また再発の不安や動悸、息切れ、息苦しさなどの不安がぬぐえない、いつまた心臓発作を起こすかわからないといった人が再発予防のためにどのような対策をしているか、下記サイトでも紹介されています。

動悸や片頭痛、めまいなどの不安を解消した人の声をコチラでチェック>>

どうすれば心筋梗塞や狭心症の再発率は下がるのか

軽い狭心症などと診断されると、まず医師から食習慣の見直し、軽度の運動など生活習慣を大幅に見直すように指示が出ると思います。投薬による治療を続けながら、再発のリスクを遠ざけるためには、生活習慣病の予防につながる対策を講じる必要があるからです。危険因子を取り除かなければ、再発リスクを下げることはできません。
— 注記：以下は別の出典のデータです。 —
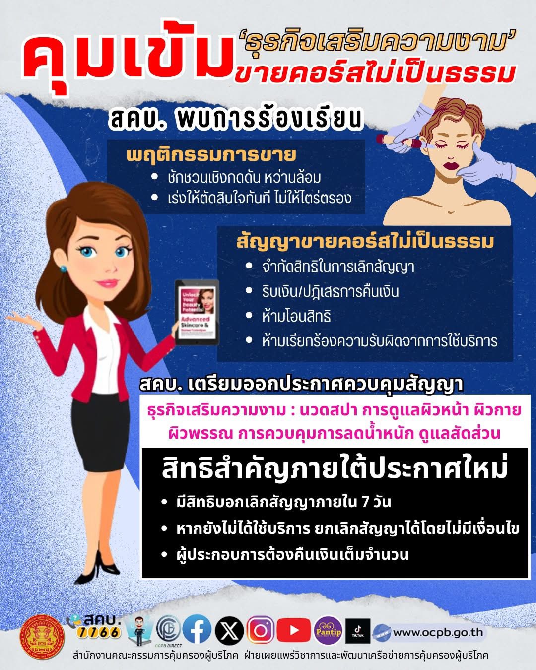 สำนักงานคณะกรรมการคุ้มครองผู้บริโภค (สคบ.) ประชาสัมพันธ์ ข่าว สคบ. ด้านการคุ้มครองผู้บริโภค ให้ประชาชนทราบเพื่อเป็นประโยชน์ต่อไป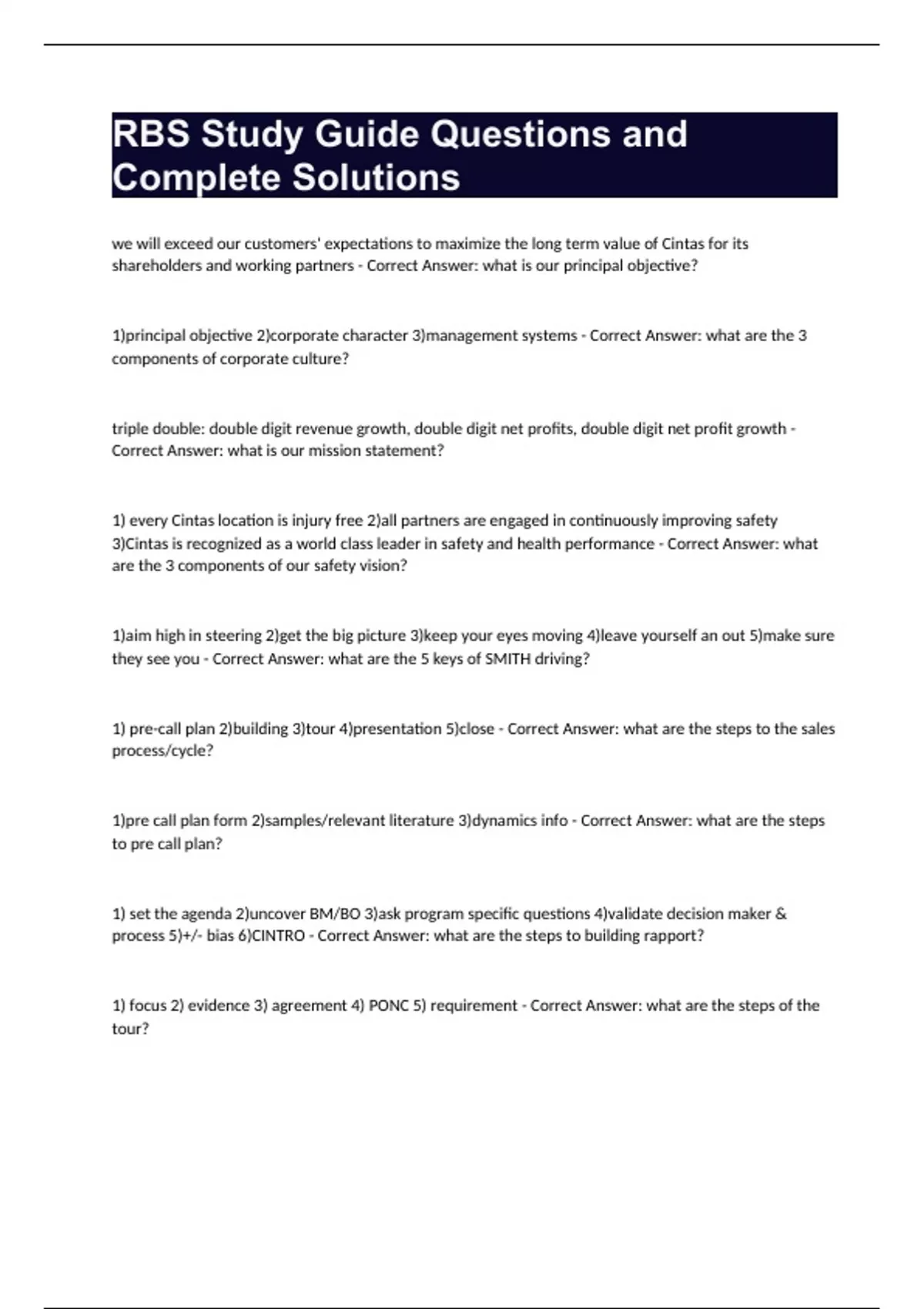 rbs study guide questions and complete solutions

高血圧、糖尿病、脂質異常症、肥満、過度な飲酒、すべての生活習慣病の原因でもあるバランスを欠いた食生活。そしてもっとも危険な因子である喫煙。これらはすべて、狭心症や心筋梗塞の原因であり、再発の危険因子。特にたばこを吸う人は吸わない人の2~3倍、発症率も死亡率も高いとされています。2年間禁煙するだけでも心筋梗塞の発症リスクが下がるそうですから、禁煙外来に通ってでもたばこは止めるべきでしょう。

心臓に大量の血液を送り込むパイプである冠動脈の壁がプラークの破碇などでなくなってしまう閉塞。冠動脈が閉塞したことにより、心筋が壊死してしまう梗塞。血管が一時的に異常に収縮する攣縮(れんしゅく)性の狭心症などで閉塞が起こっても、回復する見込みは十分にあります。ただ、梗塞を起こしてしまったらもとに戻すことはできませんので、一次予防(狭心症や心筋梗塞などの虚血性心疾患にかからないようにする)および二次予防(再発させないようにする)をしっかり実践していくしかないのです。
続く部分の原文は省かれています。